We desire tools and procedures that facilitate and encourage the transition to using the official codepoints for such characters without unduly burdening existing projects for which it might be inappropriate to make this transition.
The following components are affected by PUA character deprecation:
PUA Codepoint reuse?
An assumption made in creating this document is that PUA codepoints will never be reused. As in the Unicode standard itself, once a character is assigned as SIL PUA codepoint, that assignment is never changed or altered. We may deprecate the codepoint, but we won't ever assume that all data that may use the codepoint has now disappeared and that, therefore, it is safe to reuse the codepoint for some other character. One of the benefits of Unicode is that archived data can be understood independently of external metadata such as specific fonts or file dates.
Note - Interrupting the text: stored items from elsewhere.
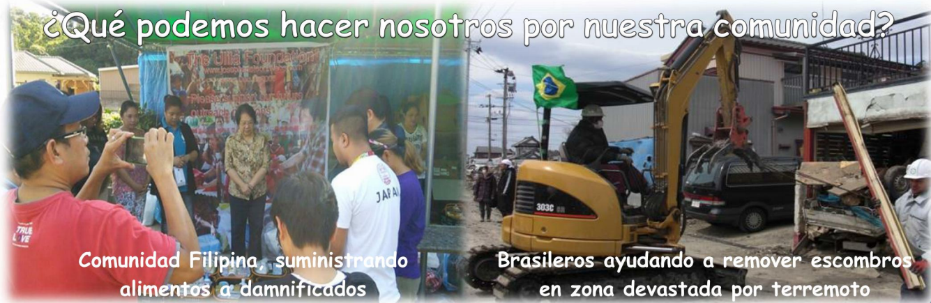
Comunidad Filipina, suministrando alimentos a damnificados

¿Qué podemos hacer nosotros por nuestra comunidad?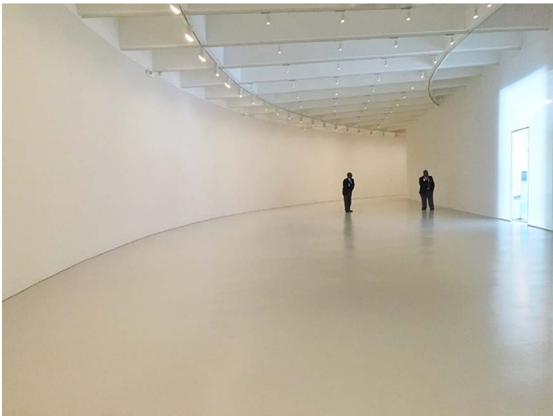
Robert Irwin's "Squaring the Circle," commissioned for the Hirshhorn Museum

Robert Irwin (γ. 1932), ο ζωγράφος του ελάχιστου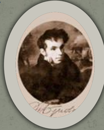
Василий Андреевич Жуковский

В то лето Пушкин много работал, читал свои произведения жене и друзьям. Они с Жуковским устроили что-то вроде творческого соревнования. Жуковский написал «Сказку о царе Берендее», а Пушкин свою «Сказку о царе Салтане, о сыне его славном и могучем богатыре князе Гвидоне Салтановиче и о прекрасной царевне Лебеди»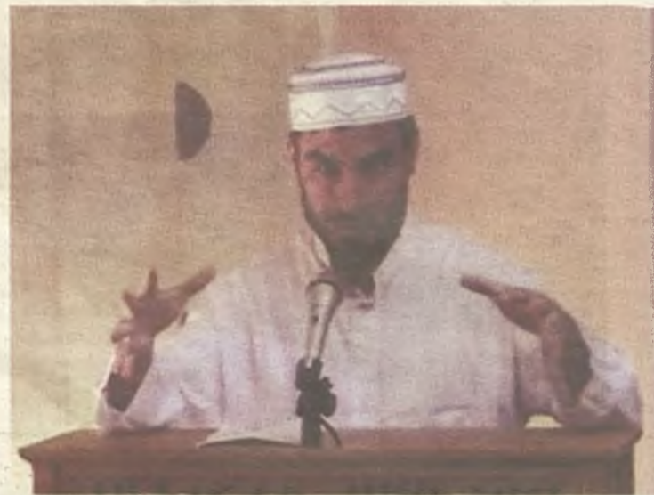
Imagen del video por el que está siendo investigado el Imán de Azuqueca.

“¡Oh Allah! Destruye a los judíos usurpadores ¡Oh Allah! El más misericordioso, arroja piedras contra ellos ¡apedréalos!, no dejes ninguno de ellos”. Esta es una de las frases contenidas en una “jutba” del viernes de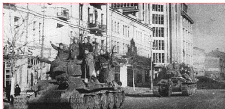
1943-й – визволителі з Т-34 на Хрещатику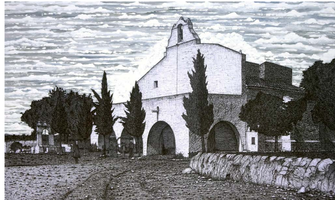
Ermita de Sant Gregori, 1915 (data de 1716).

He pintado el actual MUCBE, el Convent de Sant Francesc, en un tiempo invernal, de una imagen que apenas podía distinguir las líneas ni la composición por el deterioro de la fotografía. El año 1963 nevó. Tenía entonces ocho años y nos pusimos a hacer muñecos de nieve mientras los padres quitaban la nieve de los tejados, en los cuales criábamos conejos y gallinas para nuestro sustento.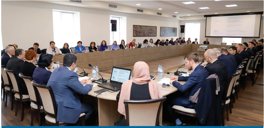
«Կանայք, խաղաղություն և անվտանգություն. միջազգային և հայաստանյան փորձը», մարտի 15, 2019

Նպատակով 2019 թ - ի մարտի 15 - ին Արտաքին գործերի նախարարությունում կայացավ «Կանայք, խաղաղություն և անվտանգություն. միջազգային և հայաստանյան փորձը» քննարկումը, որի պաշտոնական բացումը կատարեց ԶԶ ԱԳ նախարար Զոհրաբ Մնացականյանը: 16 Հանդիպման պատվավոր հյուրերն էին ՆԱՏՕ - ի Կանանց, խաղաղության և անվտանգության հարցերով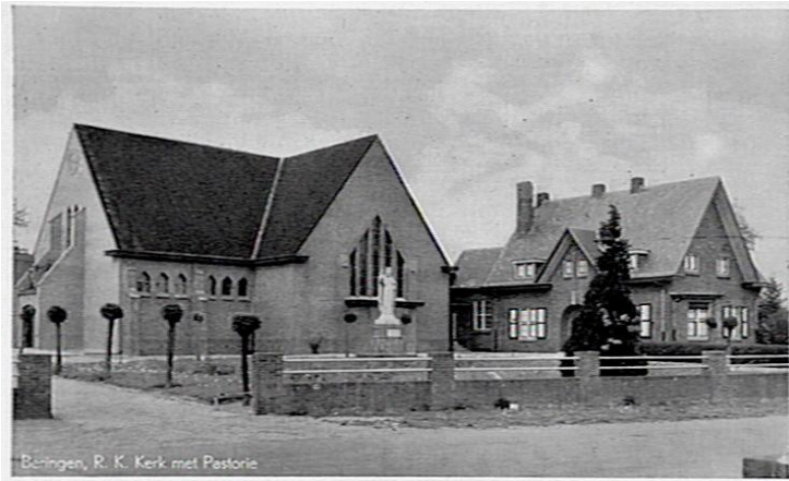
Ansichtkaart herstellde kerk Beringe

Nog altijd staan de kerk en pastorie er, zoals tijdens de herstelwerkzaamheden van de verwoestingen, die tegen het einde van de oorlog aan het gebouw waren toegebracht, zijn gedaan. Wat zal het een werk zijn geweest en zoals in de verslagen te lezen staat, kon men het niet in één keer doen. De bouw van de nieuwe toren zou nog enkele jaren moeten wachten. Blij was men in de parochie, dat men de missen weer op de oude plek kon gaan volgen.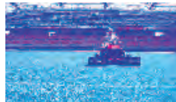
刈込状況 フィールドのしま模様も刈込時につくっているもの。芝を押しながらかいているため、芝の寝ている向きによって濃淡に見えます。

シーズン中の刈込は週に2~3回。25mmの高さに維持しているスタジアムの芝ですが、生育期には1日に5mmも生長します。長く伸ばしてから刈ることは芝へのダメージが大きく、質も落ちてしまいます。また、高温多湿を好む病原菌がはびこるのを防ぐためにも、こまめな刈込が必要なのです。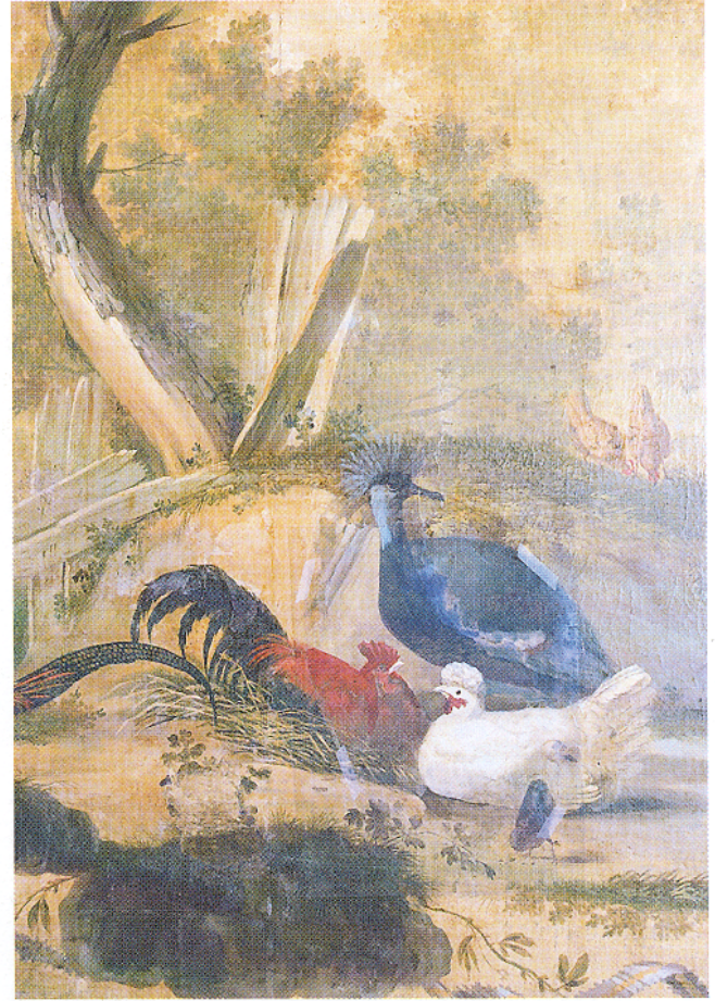
Afb. 6. Fazantenkamer: retoucheer-optie 4, integrale retouche waarbij de voorstelling wordt gecompleteerd.

niet misleid en kan de lacune gemakkelijk herkend worden. De eerste optie is uitgevoerd. Na voltooiing en oplevering in 1998 werden een dia en een foto gevonden waarop het nu ontbrekende nestelende pluimvee afgebeeld is. Hierdoor zou thans een integrale retouche ethisch te verantwoorden zijn.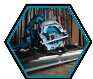
Passet ohne Adapter auf Führungsschiene.

Durchmesser Sägeblatt : 190 mm Leerlaufdrehzahl : 6'000 U/min Max. Schnittleistung 90°/48°/45° : 62,5/41/44,5 mm Maximale Leistung : 1'300 W Gewicht mit Akku : 3,7 kg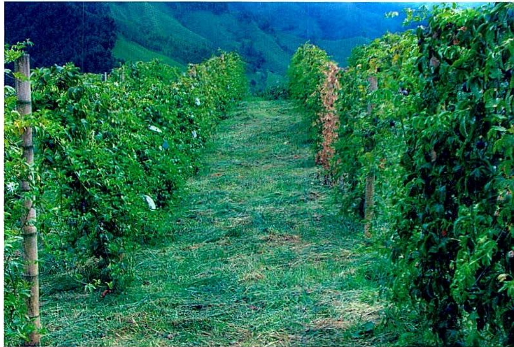
Figura 1. Cultivo de gulupa establecido en el sistema de espaldera sencilla y en pendiente moderada.

El cultivo de la gulupa carece de información consistente sobre su ecofisiología y la mayor parte de esta ha sido extrapolada de los cultivos del maracuyá y la granadilla. Por esta razón, se ha recopilado información primaria de 42 cultivos georeferenciados en las principales zonas productoras del país, y con la ayuda de bases de datos climáticos (bioclima) y analizados en el programa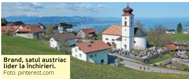
Brand, satul austriac lider la închirieri.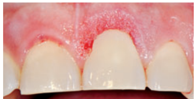
Figura 7. Aspecto del margen gingival de la pieza 2.1 inmediatamente después de la cirugía.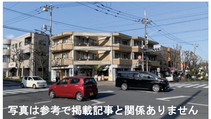
写真は参考で掲載記事と関係ありません

飲食物の配達料(消費者負担分)や配達代行手数料(事業者負担分)を補助する事業費支出であり、補助対象経費の全額が手当されます。その理由は、国が新型コロナ時代を想定した「新しい生活様式」の実践例として「食事のデリバリー・テイクアウト」を促進していることに基づくものです。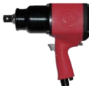
CP0611P-RS Pneumatische 1" slagmoersleutel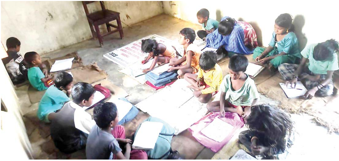
निःशुल्क ट्यूसन कक्षा | सिरहाको लहान नगरपालिकाद्वारा दलित बस्तीमा सञ्चालित निःशुल्क ट्यूसन कक्षमा रमाउँदै पढ्दै गरेका बालबालिका ।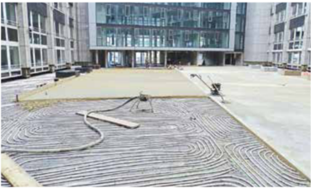
Innenfläche der Eingangshalle: Flächengröße ca. 1.400 m 2 , Fußbodenheizung. Bewegungsfugen in der Fläche werden nicht benötigt und wurden auch nicht ausgebildet. Die täglich entstandenen Arbeitsfugen sind zunächst als Pressfugen ausgebildet worden.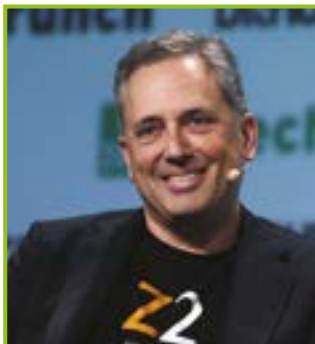
David Sacks ex dirigente di PayPal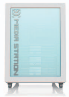
メディアステーション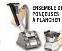
ENSEMBLE DE PONÇEUSES À PLANCHER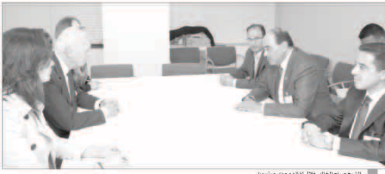
الشيخ صباح الخالد خلال لقائه مع دي ميستورا

وأضاف ان حكومة دولة الكويت شكلت فريقاً مخصصاً بمتابعة وتنفيذ والمبادرات التي اطلقتها سمو أمير البلاد وهي منح قروض ميسرة للدول الإفريقية بقيمة مليار دولار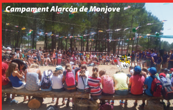
Campament Alarcón de Monjove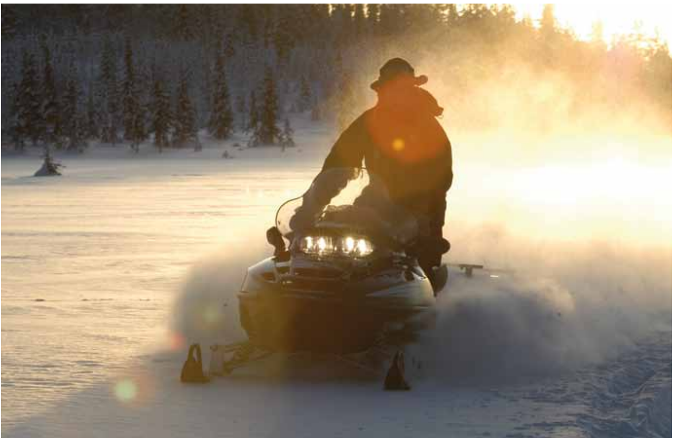
Unzählige Wege sind im Winter extra für Schneescoter reserviert

Ein besonderes Erlebnis ist aber auch die Fahrt mit dem Hun- deschlitten, die heutzutage ebenfalls von vielen Camping- plätzen vermittelt wird. Wer einmal erlebt hat, wie unge- duldig ein Hundegespann aus vielen Kehlen bellt und jault,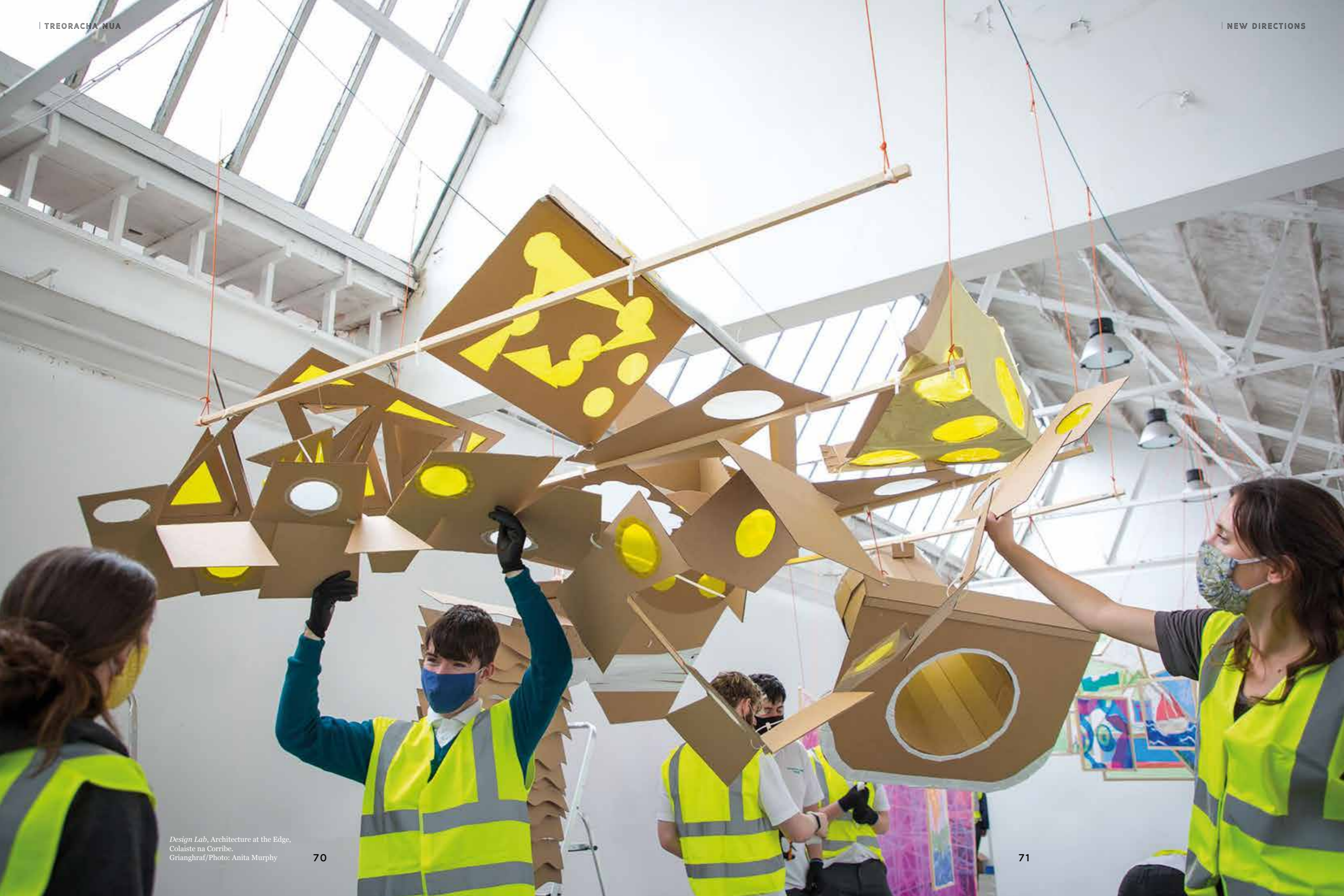
Design Lab, Architecture at the Edge, Colaiste na Corribe.

SIL PUA Version Identification
Before digging into the details of what has to change when deprecating PUA characters, we should address the issue of version identification. We can expect that with each new version of Unicode, we may have another batch of PUA characters that should, from thence forward, be deprecated. With Unicode 4.1 140+ characters were deprecated. Another 45 characters were deprecated with the release of Unicode 5.0. The next release of Unicode may cause, say, another 13 to be deprecated, and the following release maybe another bunch. When looking at any given release of a component (font, keyboard, etc.), how is the user to know which version of our PUA the component is designed for?
We need a standardized way to identify the PUA version for any particular component. The most obvious moniker to consider is probably the Unicode version. So the earliest PUA assignment collection could be identified as 4.0 (or possibly 4.0.1), and with the subsequent release of Unicode 4.1 we could call that PUA 4.1. A user would then be able to know the difference between a keyboard "Designed for SIL PUA 4.0" and one "Designed for SIL PUA 4.1".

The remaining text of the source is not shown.